[LLVMdev] Recursive Types using the llvm support library
John Carrino
jacarrin at uiuc.edu
Sun Mar 20 18:27:26 PST 2005
On Sun, Mar 20, 2005 at 07:01:55PM -0600, Chris Lattner wrote:
> On Sun, 20 Mar 2005, John Carrino wrote:
>
> >On Wed, Mar 09, 2005 at 04:05:32PM +0300, Vladimir Merzliakov wrote:
> >>>>Is assert(!NewSTy->isAbstract()) must pass after this line?
> >>>
> >>>In this case, yup.
> >>>
> >>I create test program and assert failed in it:
> >>
> >>{ \2 *, sbyte * }
> >
> >How do I decode the \2 in this? I am creating types through this
> >interface and I get quite a mess seen below. And this is relatively
> >simple. Any ideas?
>
> "\2" is an upreference, which refers to a containing type. For example,
> this type:
>
> \1*
>
> Is a pointer to pointer to pointer to pointer.... In "{\2*}", the
> upreference refers to the structure type, not the pointer, with \4, it
> means go 4 types up etc.
>
> In practice, this is leads to a horrible mess, as you've noticed. As
> such, I'd suggest using Module::addTypeName to give these things names so
> that you have a hope to understand them and so they are more compact :)
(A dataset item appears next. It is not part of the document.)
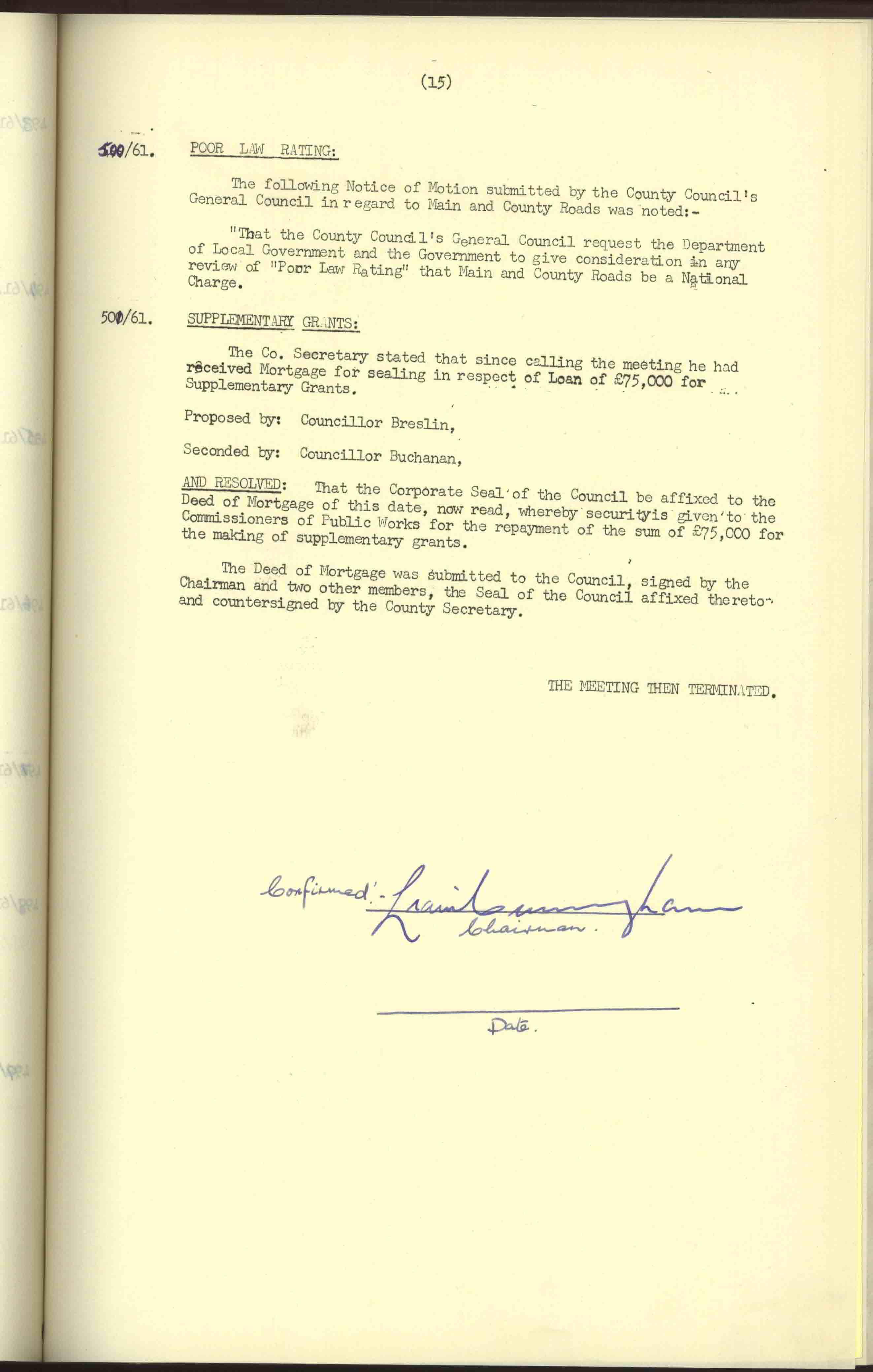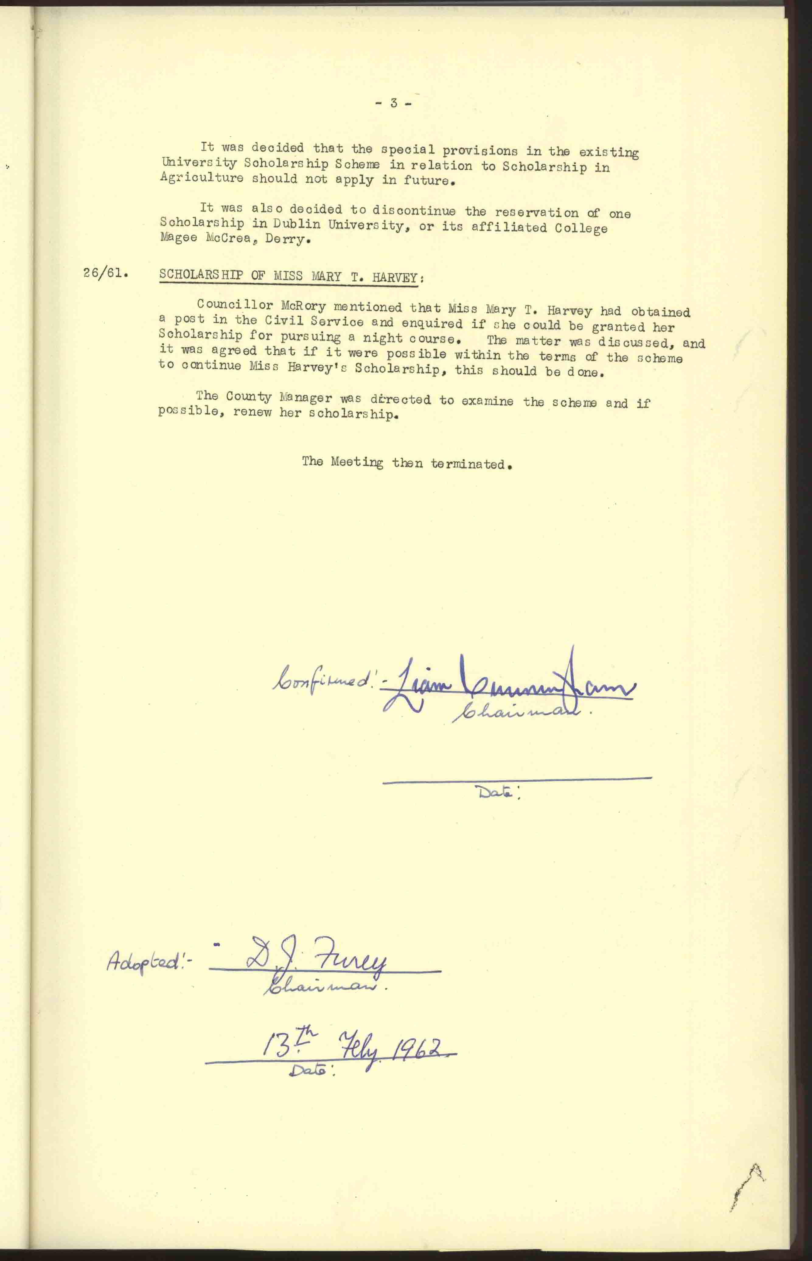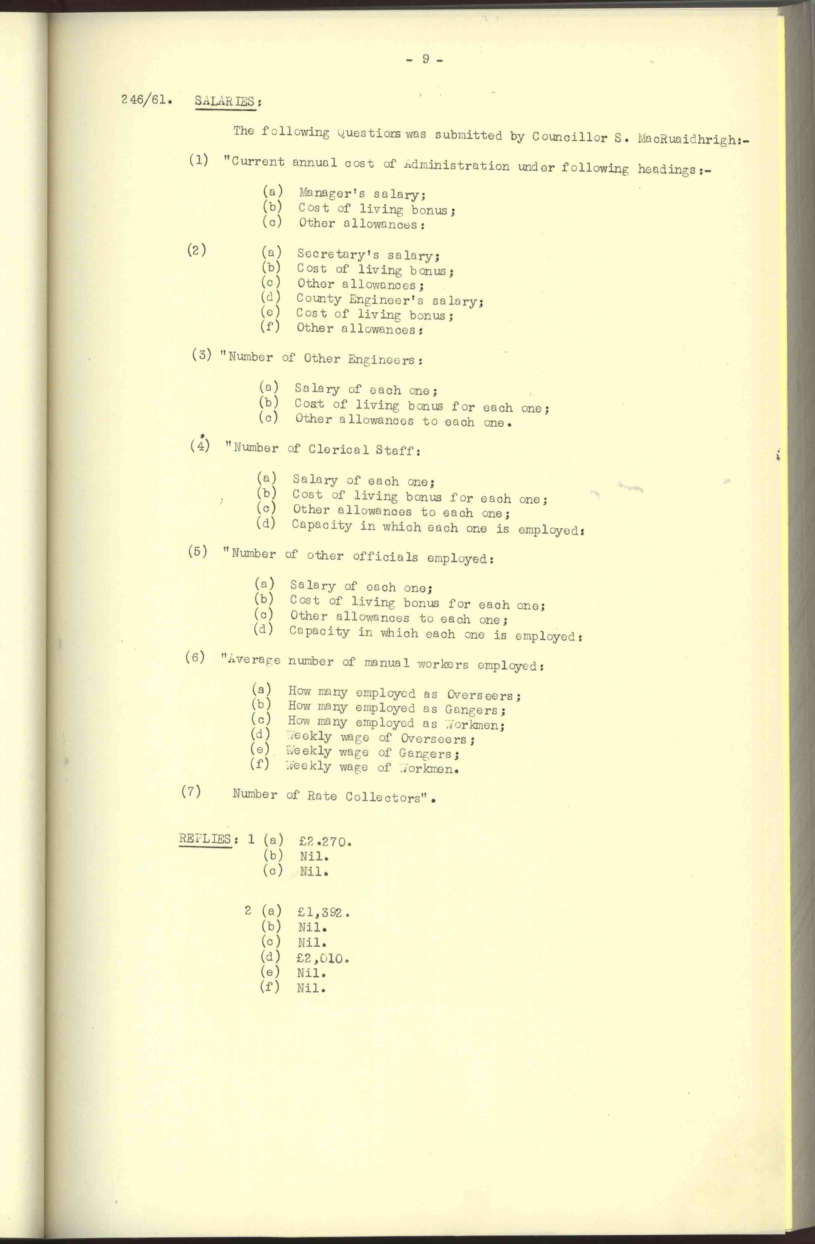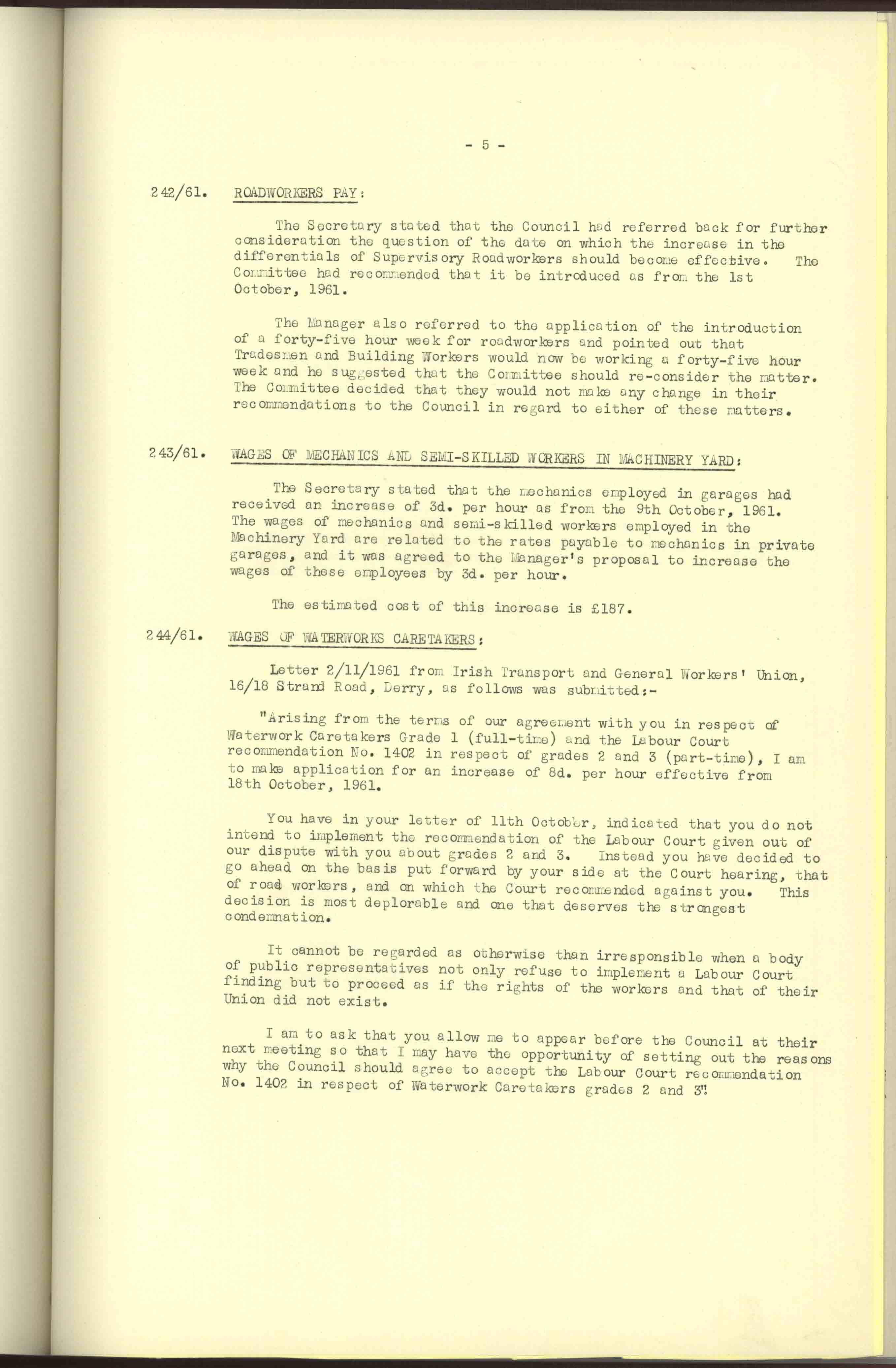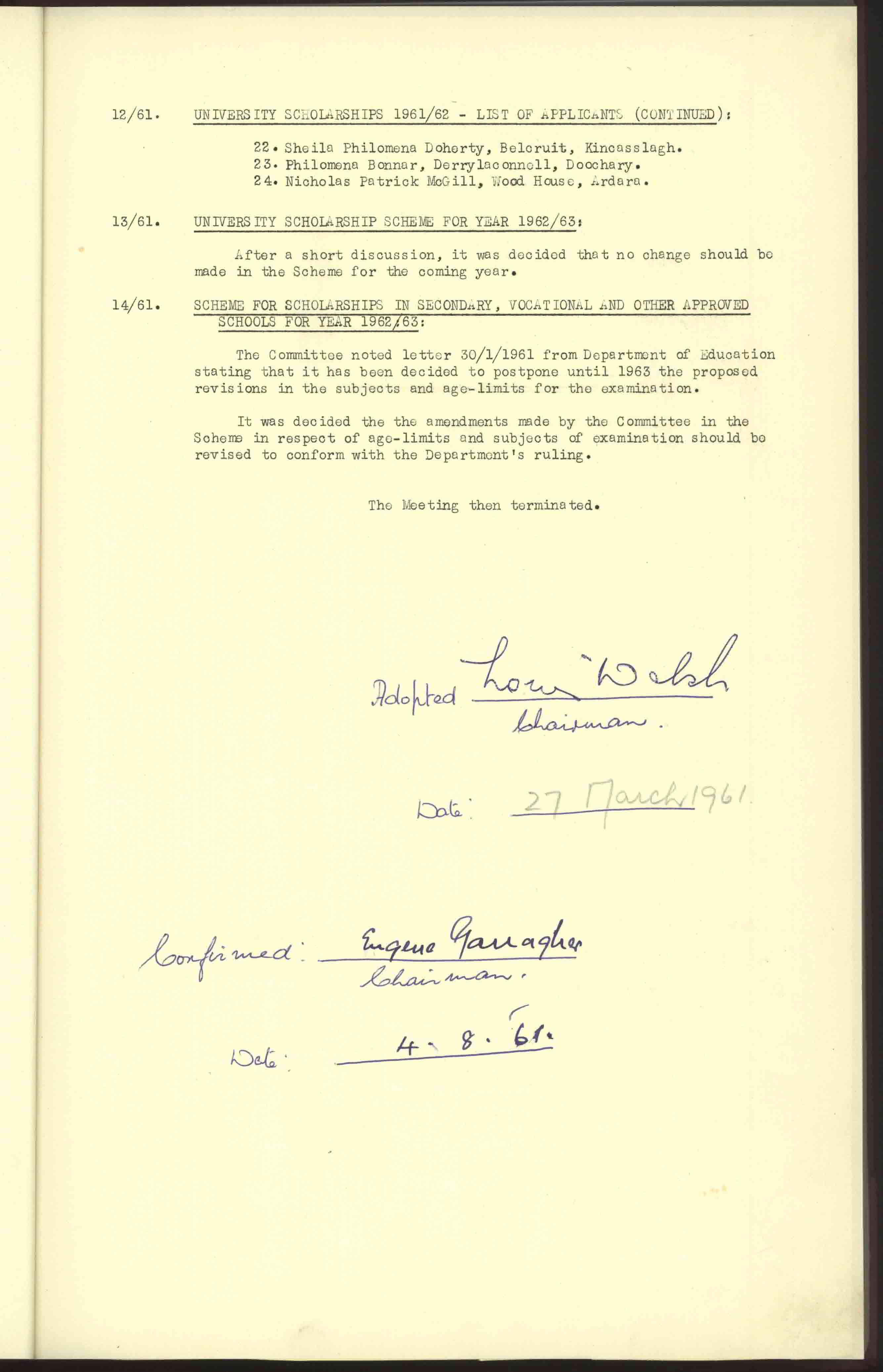Donegal County Council Minutes, 1961

I took your advide and used Module::addTypeName which is a great idea
that I didn't know about.
Now I am getting a seg fault, here
SymbolTable.cpp:251
if (T->isAbstract()) {
cast<DerivedType>(T)->addAbstractTypeUser(this);
I am assuming the patch mentioned earlier on the thread will fix this.
I just wanted to ask to make sure before i went ahead and recompiled.